_About this task_
Only the lines below from the one containing "FitVille zapatos para" to the one containing "2年生と6年生の合同Eタイムの様子です。仲良く英語を学ぶことができました。" should be repeated, both included and unchanged.

_Data to examine_
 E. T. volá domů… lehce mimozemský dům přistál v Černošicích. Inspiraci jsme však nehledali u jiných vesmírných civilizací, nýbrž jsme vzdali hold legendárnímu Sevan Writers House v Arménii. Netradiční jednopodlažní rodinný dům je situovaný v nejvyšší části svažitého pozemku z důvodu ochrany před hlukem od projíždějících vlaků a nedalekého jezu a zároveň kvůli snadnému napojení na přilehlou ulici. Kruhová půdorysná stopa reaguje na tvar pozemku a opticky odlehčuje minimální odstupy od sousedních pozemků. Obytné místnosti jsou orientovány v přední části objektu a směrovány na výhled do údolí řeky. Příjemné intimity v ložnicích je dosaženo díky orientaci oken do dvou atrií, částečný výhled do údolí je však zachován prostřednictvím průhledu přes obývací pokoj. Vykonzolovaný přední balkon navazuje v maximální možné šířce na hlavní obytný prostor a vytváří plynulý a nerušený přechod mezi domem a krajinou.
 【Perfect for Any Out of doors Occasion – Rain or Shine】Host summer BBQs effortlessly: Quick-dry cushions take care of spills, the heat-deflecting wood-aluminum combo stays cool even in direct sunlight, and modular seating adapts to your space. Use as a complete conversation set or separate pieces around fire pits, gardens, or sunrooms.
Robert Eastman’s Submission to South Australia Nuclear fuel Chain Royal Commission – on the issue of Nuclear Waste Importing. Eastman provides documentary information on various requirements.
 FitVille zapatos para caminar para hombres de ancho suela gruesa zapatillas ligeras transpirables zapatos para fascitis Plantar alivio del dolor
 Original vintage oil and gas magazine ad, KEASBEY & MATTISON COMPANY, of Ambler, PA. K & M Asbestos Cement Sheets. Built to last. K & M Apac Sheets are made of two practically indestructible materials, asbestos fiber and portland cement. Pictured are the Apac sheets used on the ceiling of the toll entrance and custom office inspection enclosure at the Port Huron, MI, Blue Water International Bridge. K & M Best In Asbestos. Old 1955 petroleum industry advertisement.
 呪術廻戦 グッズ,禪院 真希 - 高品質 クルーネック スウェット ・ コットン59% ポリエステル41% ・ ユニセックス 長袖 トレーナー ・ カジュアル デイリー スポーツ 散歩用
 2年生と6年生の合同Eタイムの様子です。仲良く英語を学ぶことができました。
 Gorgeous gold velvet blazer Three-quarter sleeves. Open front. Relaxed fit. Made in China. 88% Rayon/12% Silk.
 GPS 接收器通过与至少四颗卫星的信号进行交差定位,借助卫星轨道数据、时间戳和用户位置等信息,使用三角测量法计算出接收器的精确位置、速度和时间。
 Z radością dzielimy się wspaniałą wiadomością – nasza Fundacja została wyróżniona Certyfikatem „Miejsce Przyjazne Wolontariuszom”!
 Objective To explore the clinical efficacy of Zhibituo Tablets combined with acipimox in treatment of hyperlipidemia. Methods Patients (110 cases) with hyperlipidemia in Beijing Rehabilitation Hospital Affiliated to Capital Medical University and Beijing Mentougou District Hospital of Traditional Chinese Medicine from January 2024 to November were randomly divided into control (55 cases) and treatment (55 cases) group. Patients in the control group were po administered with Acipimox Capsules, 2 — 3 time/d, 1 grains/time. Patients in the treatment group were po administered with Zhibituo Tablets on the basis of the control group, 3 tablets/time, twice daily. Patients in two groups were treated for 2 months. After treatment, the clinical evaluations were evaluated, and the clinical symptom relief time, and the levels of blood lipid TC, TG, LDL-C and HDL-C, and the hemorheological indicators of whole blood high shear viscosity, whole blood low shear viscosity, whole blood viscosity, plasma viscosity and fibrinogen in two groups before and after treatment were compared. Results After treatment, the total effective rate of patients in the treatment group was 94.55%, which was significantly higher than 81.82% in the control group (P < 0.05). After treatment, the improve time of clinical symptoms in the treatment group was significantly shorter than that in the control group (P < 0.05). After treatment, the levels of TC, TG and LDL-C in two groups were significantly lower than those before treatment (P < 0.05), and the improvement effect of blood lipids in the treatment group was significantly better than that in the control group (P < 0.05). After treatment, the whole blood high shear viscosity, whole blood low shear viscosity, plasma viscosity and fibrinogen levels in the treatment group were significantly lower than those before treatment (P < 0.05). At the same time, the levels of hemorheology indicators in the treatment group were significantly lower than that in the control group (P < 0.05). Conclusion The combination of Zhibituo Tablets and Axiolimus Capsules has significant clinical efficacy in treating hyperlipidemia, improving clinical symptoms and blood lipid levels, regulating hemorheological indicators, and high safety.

_Result below_
 FitVille zapatos para caminar para hombres de ancho suela gruesa zapatillas ligeras transpirables zapatos para fascitis Plantar alivio del dolor
 Original vintage oil and gas magazine ad, KEASBEY & MATTISON COMPANY, of Ambler, PA. K & M Asbestos Cement Sheets. Built to last. K & M Apac Sheets are made of two practically indestructible materials, asbestos fiber and portland cement. Pictured are the Apac sheets used on the ceiling of the toll entrance and custom office inspection enclosure at the Port Huron, MI, Blue Water International Bridge. K & M Best In Asbestos. Old 1955 petroleum industry advertisement.
 呪術廻戦 グッズ,禪院 真希 - 高品質 クルーネック スウェット ・ コットン59% ポリエステル41% ・ ユニセックス 長袖 トレーナー ・ カジュアル デイリー スポーツ 散歩用
 2年生と6年生の合同Eタイムの様子です。仲良く英語を学ぶことができました。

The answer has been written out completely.